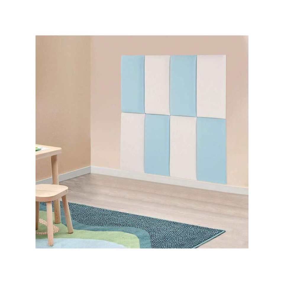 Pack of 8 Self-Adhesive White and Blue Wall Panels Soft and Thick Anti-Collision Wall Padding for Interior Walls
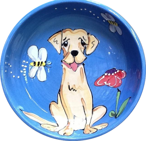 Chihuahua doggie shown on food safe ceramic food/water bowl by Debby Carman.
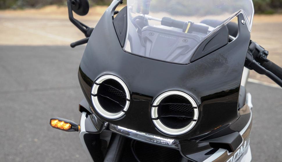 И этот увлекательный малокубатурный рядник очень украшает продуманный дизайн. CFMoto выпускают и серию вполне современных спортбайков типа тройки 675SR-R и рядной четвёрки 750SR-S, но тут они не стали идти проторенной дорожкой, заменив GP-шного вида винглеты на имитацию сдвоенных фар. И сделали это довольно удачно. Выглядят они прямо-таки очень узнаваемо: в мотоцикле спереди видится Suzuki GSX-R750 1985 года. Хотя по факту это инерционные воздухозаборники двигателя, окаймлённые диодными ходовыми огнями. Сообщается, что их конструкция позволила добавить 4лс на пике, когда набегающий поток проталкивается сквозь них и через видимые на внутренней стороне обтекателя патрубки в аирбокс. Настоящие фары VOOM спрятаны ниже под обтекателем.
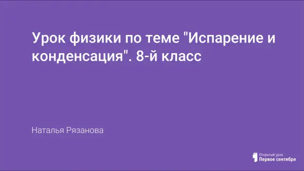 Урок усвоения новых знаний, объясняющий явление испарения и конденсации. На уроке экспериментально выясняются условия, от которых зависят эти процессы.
=======
▶ [AIM OF THE TASK]: Each line of the material needs to be given again exactly, without any of its pictures.

▶ [RESULT OF THE TASK]:
 Pack of 8 Self-Adhesive White and Blue Wall Panels Soft and Thick Anti-Collision Wall Padding for Interior Walls
 Chihuahua doggie shown on food safe ceramic food/water bowl by Debby Carman.
 И этот увлекательный малокубатурный рядник очень украшает продуманный дизайн. CFMoto выпускают и серию вполне современных спортбайков типа тройки 675SR-R и рядной четвёрки 750SR-S, но тут они не стали идти проторенной дорожкой, заменив GP-шного вида винглеты на имитацию сдвоенных фар. И сделали это довольно удачно. Выглядят они прямо-таки очень узнаваемо: в мотоцикле спереди видится Suzuki GSX-R750 1985 года. Хотя по факту это инерционные воздухозаборники двигателя, окаймлённые диодными ходовыми огнями. Сообщается, что их конструкция позволила добавить 4лс на пике, когда набегающий поток проталкивается сквозь них и через видимые на внутренней стороне обтекателя патрубки в аирбокс. Настоящие фары VOOM спрятаны ниже под обтекателем.
 Урок усвоения новых знаний, объясняющий явление испарения и конденсации. На уроке экспериментально выясняются условия, от которых зависят эти процессы.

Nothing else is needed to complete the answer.